=== Problem ===
Please return the listing below word for word, minus its pictures.

=== Records provided ===

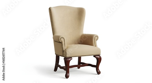 Elegant tall wingback armchair with ornate upholstery and dark wooden legs
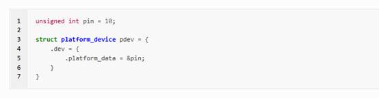 (这里我觉得说的不好)而对于软件信息,这种特殊信息需要我们以私有数据的形式进行封装保存,我们注意到platform_device结构体中, 有个device结构体类型的成员dev。在前面章节,我们提到过Linux设备模型使用device结构体来抽象物理设备, 该结构体的成员platform_data可用于保存设备的私有数据。platform_data是void *类型的万能指针, 无论你想要提供的是什么内容,只需要把数据的地址赋值给platform_data即可, 还是以GPIO引脚号为例,示例代码如下:
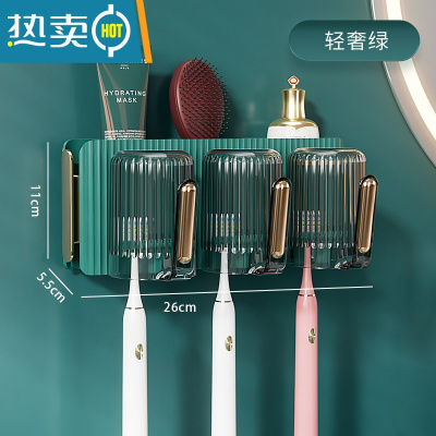 敬平电动牙刷置物架免打孔漱口杯刷牙杯挂墙卫生间壁挂式架子家庭套装 [轻奢绿]三口之家/牙刷架浴室置物架
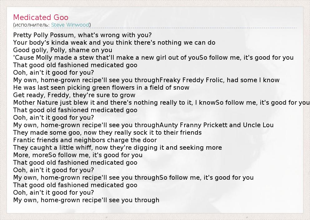 А как ты думаешь, о чем песня "Medicated Goo" ?
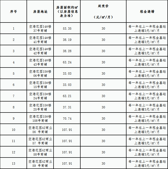 三、本次竞拍只报起竞价,房屋每间租金起竞价为:
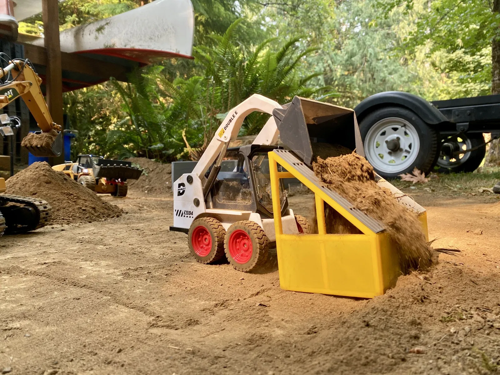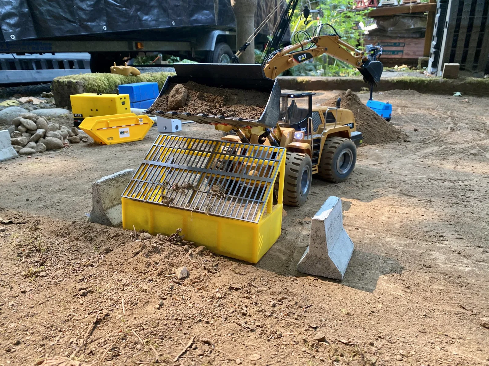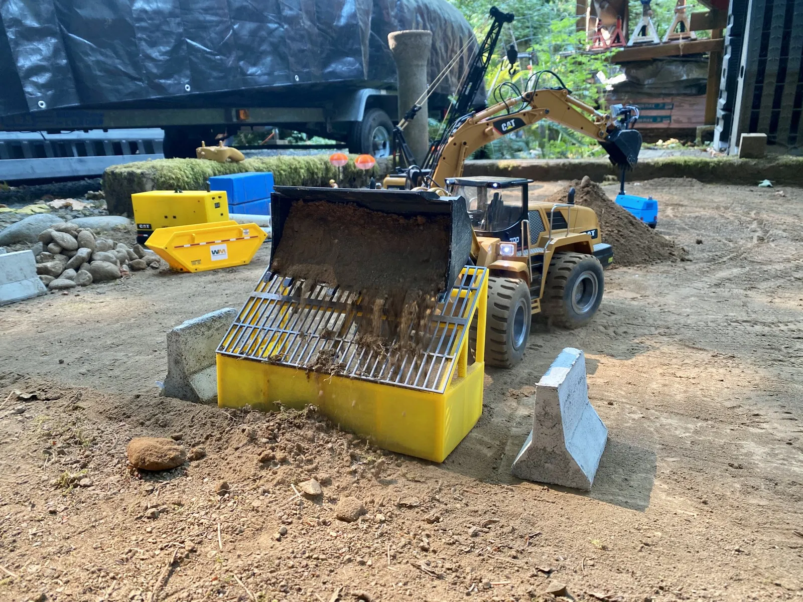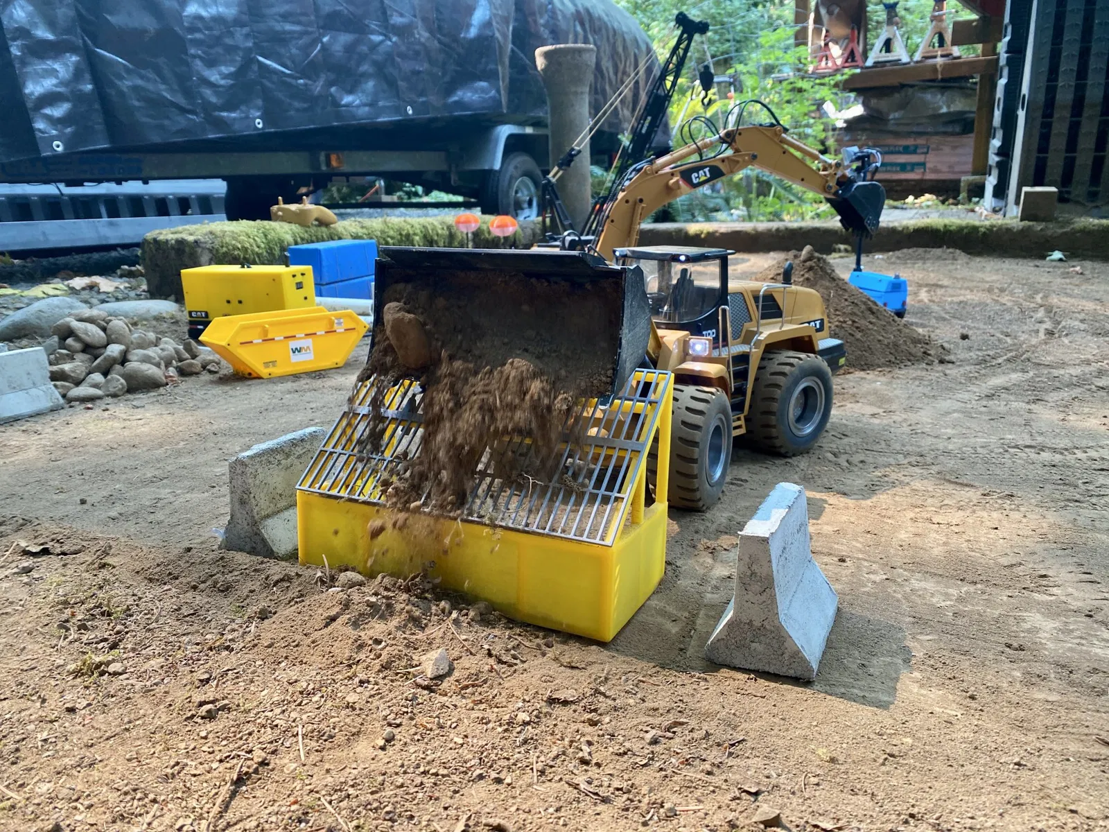 Kinder cho đá trong bụi bẩn trên một trang web xây dựng RC quy mô.

=== Problem solution ===
 Elegant tall wingback armchair with ornate upholstery and dark wooden legs
 (这里我觉得说的不好)而对于软件信息,这种特殊信息需要我们以私有数据的形式进行封装保存,我们注意到platform_device结构体中, 有个device结构体类型的成员dev。在前面章节,我们提到过Linux设备模型使用device结构体来抽象物理设备, 该结构体的成员platform_data可用于保存设备的私有数据。platform_data是void *类型的万能指针, 无论你想要提供的是什么内容,只需要把数据的地址赋值给platform_data即可, 还是以GPIO引脚号为例,示例代码如下:
 敬平电动牙刷置物架免打孔漱口杯刷牙杯挂墙卫生间壁挂式架子家庭套装 [轻奢绿]三口之家/牙刷架浴室置物架
 А как ты думаешь, о чем песня "Medicated Goo" ?
 三、本次竞拍只报起竞价,房屋每间租金起竞价为:
 Kinder cho đá trong bụi bẩn trên một trang web xây dựng RC quy mô.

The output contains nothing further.